# I decided to flush



## registereduser (Jul 30, 2010)

my java moss. $6 down the drain :-?

It was just too messy!


----------



## JackisLost (Feb 26, 2011)

registereduser said:


> my java moss. $6 down the drain :-?
> 
> It was just too messy!


it grows pretty neat when you tie it to a rock and trim it like a bush


----------



## kfryman (Nov 7, 2011)

Just an input, never ever flush a plant. It can severely damage the ecosystem and water ways. A couple of waterways in California are so overgrown with floating or anarchis that boats have a hard time getting through. Always trash it as that way it should dry up.


----------



## mkayum (Jul 5, 2012)

kfryman said:


> Just an input, never ever flush a plant. It can severely damage the ecosystem and water ways. A couple of waterways in California are so overgrown with floating or anarchis that boats have a hard time getting through. Always trash it as that way it should dry up.


1+ 

Or sell it on this forum to see if they'd take it off of your hands.


----------



## ao (Feb 29, 2012)

I would have taken it D:


----------



## registereduser (Jul 30, 2010)

noted!


----------



## TheDragon (Aug 1, 2012)

Ditto what aokashi said ... I am looking for plants to setup an NPT


----------



## xShainax (Feb 11, 2012)

I would have taken it. D:


----------



## teeneythebetta (Apr 29, 2012)

Aww man I always wanted java moss... Lol


----------



## registereduser (Jul 30, 2010)

OK everyone, stop making me feel guilty!  It was late, I was tired and cleaning the tank and just got fed up with the mess. I should have known someone would have wanted it.
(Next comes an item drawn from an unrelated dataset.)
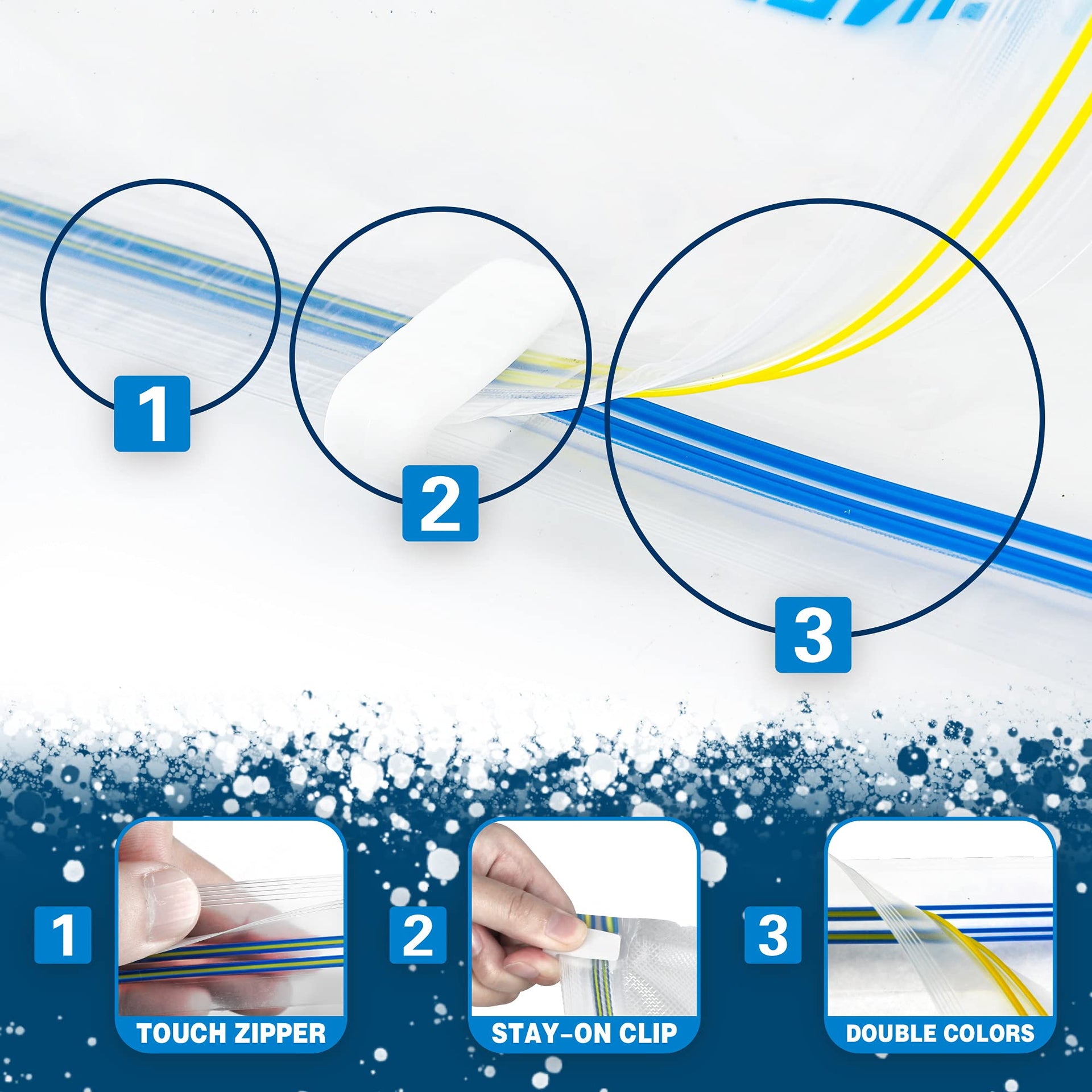 - Travel Accessories: the unique Double-Zip design has separated yellow and blue lines on each sides. Better visualize full sealing of the zipper closure.

I'll know better next time ;-)


----------



## teeneythebetta (Apr 29, 2012)

registereduser said:


> OK everyone, stop making me feel guilty!  It was late, I was tired and cleaning the tank and just got fed up with the mess. I should have known someone would have wanted it. I'll know better next time ;-)


Lol sorry xD


----------



## ao (Feb 29, 2012)

Hahaha it's ony because you flushed something that takes forever to grow XD its like an anybias to some of us.


----------



## TheDragon (Aug 1, 2012)

I call first dibbs next time :lol:


----------



## Tikibirds (May 26, 2011)

I just have mine in a clump on the bottom of the tank - too lazy to tie it to anything althoug I did buy fishing line to do just that.


----------



## copperarabian (Apr 27, 2011)

I was so excited when I first bought java moss but ended up throwing it away too lol


----------



## Olympia (Aug 25, 2011)

My java moss has completely covered the driftwood in my 20g, can't even see the wood but the shrimp love playing in it.


----------



## kfryman (Nov 7, 2011)

I would only recommend tying it into something, whether it be a rock or driftwood. Moss can be messy unless it is tied to something. Once tied it can be trimmed then that can be added to the driftwood if you like, sell it, or trash it. Though I think getting money for free is always best.. lol


----------



## athenr3134 (Jul 31, 2012)

lol you guys are a riot!!!  i keep forgetting to go get me some of that...


----------